Markets Today: Stevens Speaks – Nothing to See Here?
Eurozone markets have been cheered by reports that Greek Finance Minister Yanis Varoufakis has been removed from the debt-deal negotiation table by his prime minister. Varoufakis’ hard-ball tactics have been a source of huge frustration for the Brussels group of international creditors.
In an otherwise quiet Monday session, Eurozone markets have been cheered by reports that Greek Finance Minister Yanis Varoufakis has been removed from the debt-deal negotiation table by his prime minister. Varoufakis’ hard-ball tactics have been a source of huge frustration for the Brussels group of international creditors. The appointment of a more conventional negotiator, more familiar with the European bureaucracy, has stoked optimism that a deal will be reached before large payments are due in May. The news helped EUR/USD break above 1.09 early this morning (high of 1.0927) to its highest level in three weeks. Headlines quoting Greek PM Tsipras are hitting the wires as we write, Tsipras reported saying that German chancellor Merkel is willing to find solution for Greece and that a Greek default would represent a failure for Europe.
Gains for EUR/USD are very mild in relation to some other currencies however, where it the commodity sensitive currencies that have fared best (CAD, NOK, NZD and AUD in that order). CAD and NOK’s G10 leadership positions have come despite renewed slippage in oil prices, with Brent and WTI grades both off around $0.50 on the day. Hard commodities in contrast are continuing their recovery, the China iron ore import price for the 62% fines grade up another $1.28, to $59.0. Exchange traded metals are also up about 1% (LMEX index).
The Japanese Yen, in contrast, is very marginally weaker on the night, following a ratings downgrade from Fitch (to A from A+) and which puts it below both Moody’s and S&Ps current rating. That said, there are very few, if any, recorded instances where ratings downgrades to Japan have had durable negative impact on the currency.
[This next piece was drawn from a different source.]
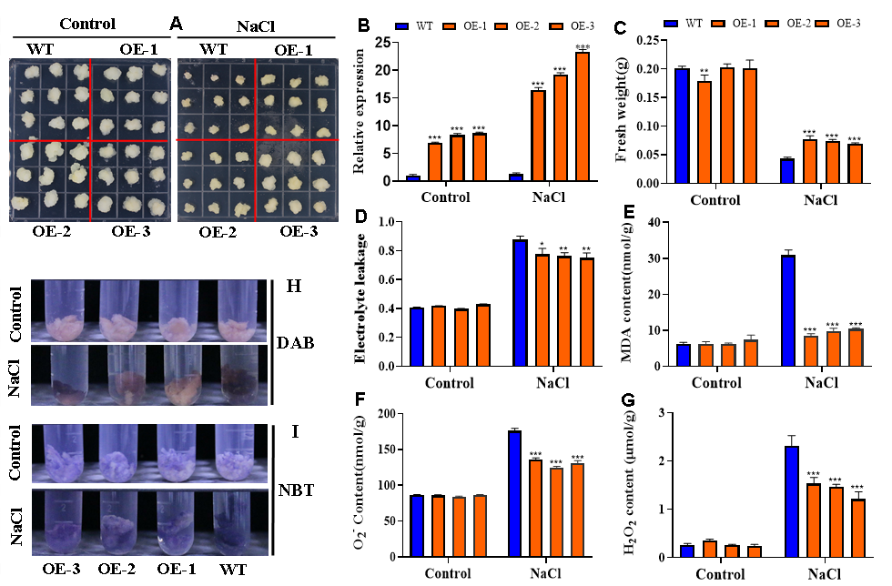 图2 过表达MdATL16增强苹果愈伤的耐盐性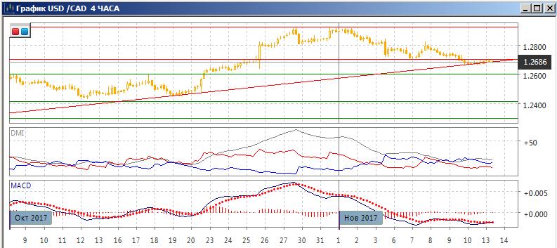 На дневном графике снижение пары от 1,2900 приостановилось у линии восходящего тренда с сентября — это привело к образованию свечи «дожи» в пятницу. Однако пара уже ниже предыдущего относительного минимума и ниже уровня поддержки 1,2700. Последний относительный минимум также ниже предыдущего. Это увеличивает вероятность преодоления линии тренда, так как возможен переход к снижению, или развитию коррекции к росту до уровня сопротивления в октябре (1,2600). Преодоление линии тренда также может быть факторов дальнейшего снижения, если это преодоление произойдёт. Пока можно ожидать поддержки на линии тренда, и рассчитывать на снижение до закрытия ниже преждевременно. По индикаторам направленного движения сохраняется ситуация коррекции к росту: превышение DM+ над DM- значительное и устойчивое, ADX на высоком уровне. Коррекция видна по снижению гистограммы MACD и отрицательному наклону линии MACD.

The main news out of the United Sates Monday has been Apple’s Q2 results – just reported – showing EPS of $2.33 against the $2.16 street estimate and 33% up on the same period of last year. In January Apple had warned that dollar appreciation was likely to take about $2bn off its top-line revenue, so there is some relief the hit does not appear to be larger. Together with an announced expansion of its capital return programmer by $70bn to $200bn, Apple’s shares price has risen by over 1% in the 30 minutes since reporting.
Economic news overnight has been sparse, the only things to note being the Markit US Services PMI, which slipped to 57.8 from 59.2, beneath the 58.8 expected, and the Dallas Fed Manufacturing Activity survey, which improved marginally to -16 from -17.4 but beneath the expected -12. The run up in the AUD/USD rate overnight, from around 0.7820 to above 0.7860, came directly on the back of the Services PMI release, albeit assisted by favourable EUR/USD tailwinds.
RBA Governor Stevens speaks this morning at 08:40 local time in Sydney at the AFR‘s Banking and Wealth Summit. There is no title for his speech as yet, and after an expansive discourse on the economy and considerations for monetary policy just a week ago in New York, and given the proximity to next week’s policy meeting, the Governor might well be taking the opportunity to steer away to a less macro/market- sensitive topic.
In case Mr .Stevens does offer some monetary policy pointers, market pricing for a 25 point rate cut next Tuesday currently sits at almost exactly 50:50. Last week, recall, Mr Stevens said that given output is below potential, aggregate demand still seems soft, unemployment sits above the natural rate, and inflation is forecast to remain within target, then “interest rates should be quite accommodative and the question of whether they should be reduced further has to be on the table”. But the Governor then said that the policy equation is more complicated since these are not the only pertinent facts. He went on to list, among other things, the strength of the housing sector and which suggest past policy is already proving effective; the high level of household leverage, ‘exuberant’ Sydney house prices; and the fact credit conditions are very easy (his emphasis).
Also up today is the weekly Roy Morgan/ANZ consumer confidence number and offshore tonight, UK G1 GDP (expected to be relatively strong) and US Consumer Confidence and Richmond Fed surveys.
On global stock markets, the S&P 500 was -0.40%. Bond markets saw US 10-years +1.75bp to 1.93%. On commodity markets, Brent crude oil -0.89% to $64.7, gold+2.4% to $1,203, iron ore +2.2% to $59.09. AUD is at 0.785 and the range was 0.7792 to 0.7872.. Indicative range today 0.7815 to 0.7890. (For more market prices, please see p.2 of the pdf).